The brigade has been in Afghanistan since October and is expected to come home at the end of the summer or in early fall, but has already had three more soldiers die than the New York-based brigade it replaced lost in its nine-month deployment.
Defense Secretary Robert Gates paid his respects to the four during a visit Monday night to Dover Air Force Base in Delaware, according to the Defense Department. A spokesman called it a “personal visit” by Gates.
Cain was a married father of a son and a stepdaughter on his first deployment, while Abeyta and Weinger were single, according to the National Guard. Weinger was in Iraq in 2006 and 2007, while Abeyta was deployed from October 2003 through early 2005 as part of Operation Iraqi Freedom.

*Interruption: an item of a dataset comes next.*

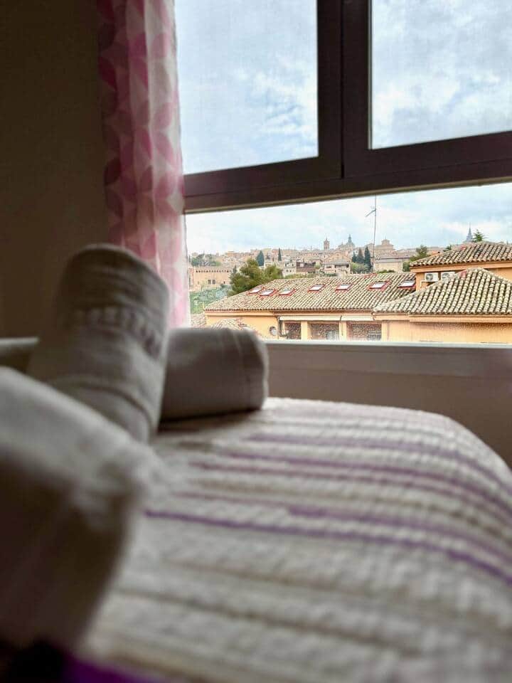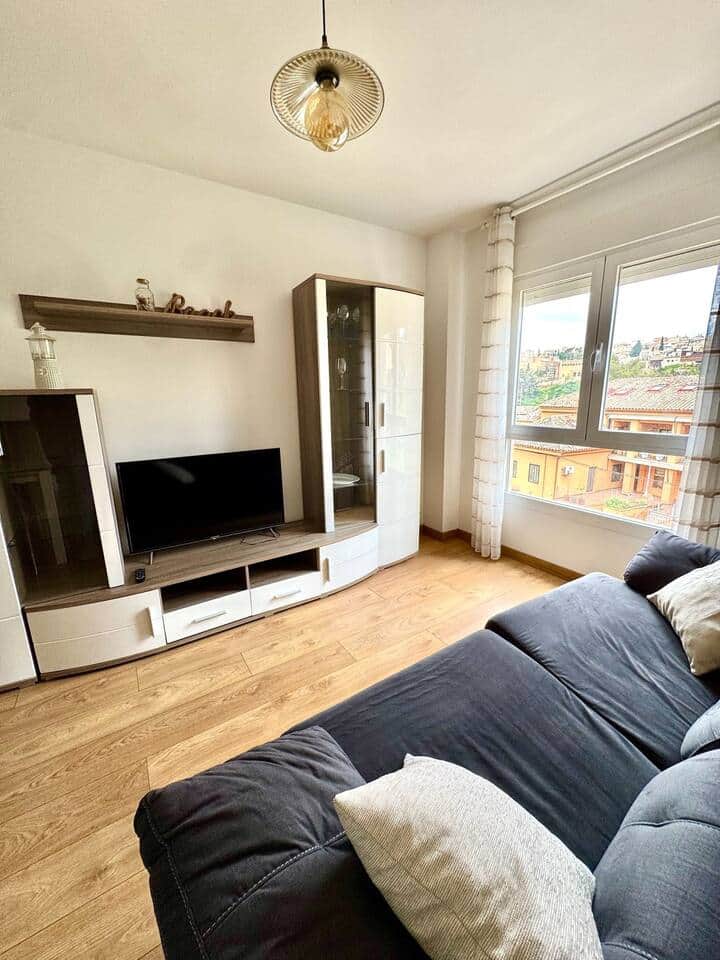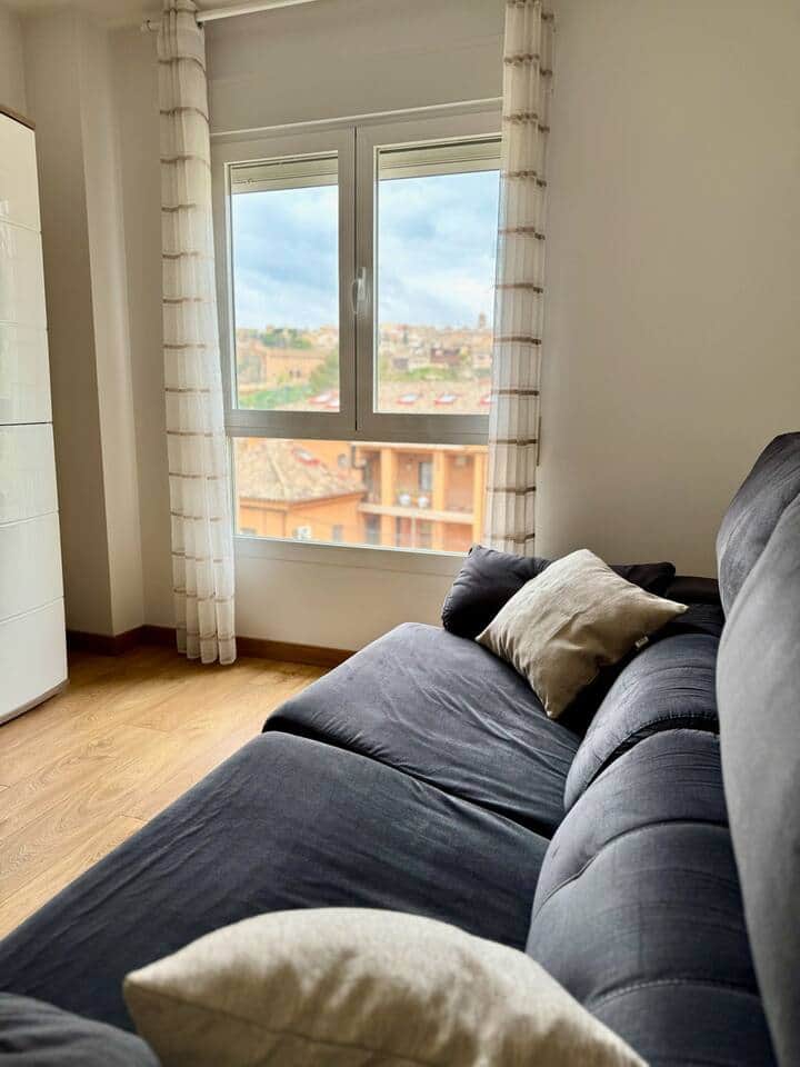 Apartamento para até 6 pessoas. Possui dois quartos, um banheiro completo, sala de estar com sofá-cama e cozinha totalmente equipada. Oferece ar-condicionado, aquecimento, Wi-Fi e estacionamento gratuito no prédio. Localizado em uma área tranquila próxima à Ponte San Martín, com fácil acesso ao centro histórico de Toledo e boas conexões rodoviárias.

Cain, on his page at the MySpace social networking Web site, called himself a redneck and a family man.
“I am devoted to my family and damn proud of it,” he wrote. “I am a country boy. Love working on cars and being outdoors. Avid bowhunter. Yes — I’m a redneck.”
Friends wrote condolence messages to all three men on the pages they maintained.
Weinger’s grandmother told the (Arlington Heights) Daily Herald that her grandson loved a good practical joke.
“He was also a devoted soldier,” Mary Weinger said. “It’s just a shame he won’t be here any more.”
Abeyta was a 2003 graduate of Bremen High School in Midlothian, while Weinger graduated from Round Lake High School in 2002. Cain graduated from Freeport High School in Freeport, Ill., in 2006.
The war in Afghanistan has become increasingly costly for the United States, particularly since the beginning of the year. Thirty-five American soldiers have died in Afghanistan since Jan. 1, compared to 16 in the first three months of 2008.
Eight of the Illinois guard deaths have come since the first of the year.
Military officials attribute much of the increase in violence to the presence of more U.S. troops, leading to more contact with Taliban and other fighters, particularly in southern and eastern Afghanistan. The U.S. has about 38,000 troops in Afghanistan, roughly 10,000 more than a year ago.
The 33rd Brigade’s commander told The Associated Press earlier this month that his troops often don’t know the identity of their enemy — Taliban, al-Qaida or other local forces. But all the casualties have come as a result of roadside bombs or suicide bombings, something he said the unit has been trained to handle and take precautions against, but can’t entirely stop.
“That’s a fact of life over here, especially on the IEDs,” Col. Scott Thoele said. “It’s an easy method for the enemy to fight us with.”
Dedication, energy of fallen soldier remembered
The Associated Press
Sgt. Robert M. Weinger was a high-energy guy who lived on Monster energy drinks and would keep cases of the beverage stashed with his belongings, said 1st Sgt. Andrew Fowles.
“He’s the guy we turned to train our younger soldiers,” Fowles said. “A lot of younger guys looked up to him.”
Weinger, 24, of Round Lake Beach, Ill., was killed March 15 by a roadside bomb in Kot. He was a 2002 high school graduate and was assigned to Woodstock, Ill.
He had been deployed in Iraq and was one of the soldiers chosen to guard Saddam Hussein until Hussein was turned over to the Iraqi government. After returning from Iraq, Weinger volunteered to deploy with an infantry unit to Afghanistan.
“Robert was an energetic, very excellent soldier,” said Capt. Matthew Garrison, who served with Weinger in Iraq in 2007. “He was an extremely loyal soldier, very dedicated to his mission.”
Weinger is survived by his father, Howard, and mother Sue.
“He was always nice and always was willing to put other people before himself,” said longtime friend Heather Simmons. “He would do anything for anyone he knew.”